I mean both the problem for starters (requires a lot of spatial reasoning and connected math) and the autonomous implementation. Context compression was never an issue in the entire session, for either model.

saaaaaam · 2026-03-14T01:47:53 1773452873

That video is bizarre. Such a heavy breather.

coldtea · 2026-03-14T04:24:02 1773462242

What a weird and inconsequential thing to focus on...

He's just fucking closely miced with compression + speaking fast and anxious/excited speaking to an audience

saaaaaam · 2026-03-15T16:25:45 1773591945

Maybe. But that’s what I focused on, for better or worse. I couldn’t concentrate on what he was saying because of it. Maybe bad mic placement, but the end results was like some sort of old school phone sex pest.

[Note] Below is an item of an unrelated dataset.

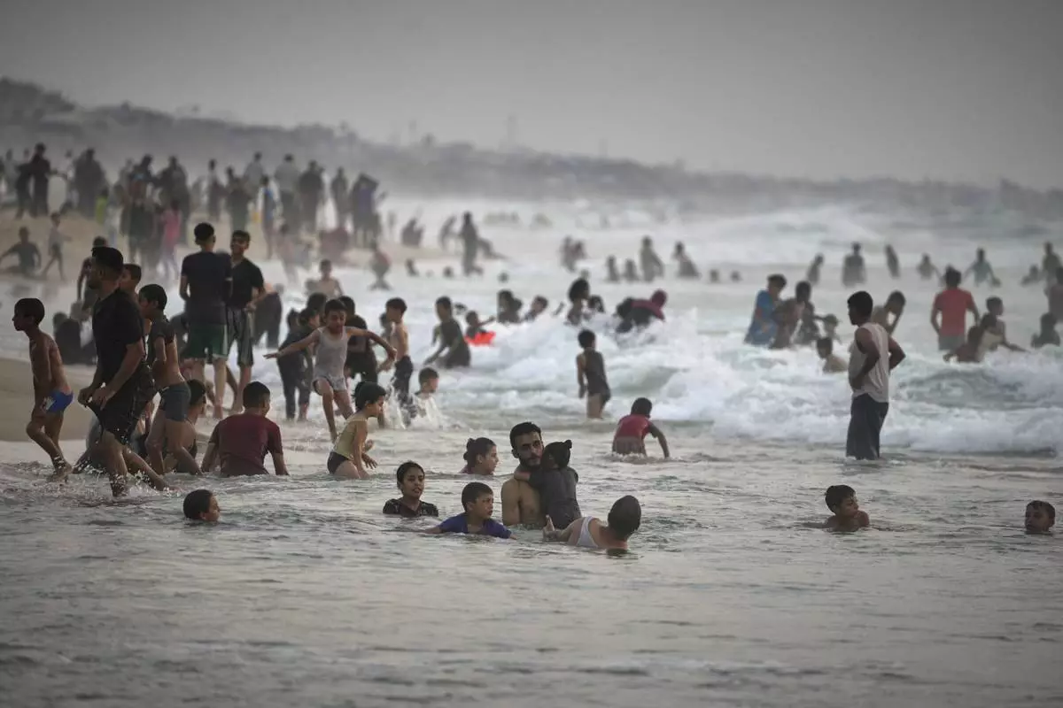 Palestinians cool off in the Mediterranean on a hot summer day near a tent camp by the seaside in Zawaida, central Gaza Strip, Friday, Aug. 22, 2025.(AP Photo/Abdel Kareem Hana)

indigodaddy · 2026-03-14T04:26:16 1773462376

Most of that is just nervousness

bushbaba · 2026-03-14T03:22:27 1773458547

Yes. I’ve used it for data analysis

twodave · 2026-03-14T02:33:41 1773455621

I mean, try using copilot on any substantial back-end codebase and watch it eat 90+% just building a plan/checklist. Of course copilot is constrained to 120k I believe? So having 10x that will blow open up some doors that have been closed for me in my work so far.

That said, 120k is pleeenty if you’re just building front-end components and have your API spec on hand already.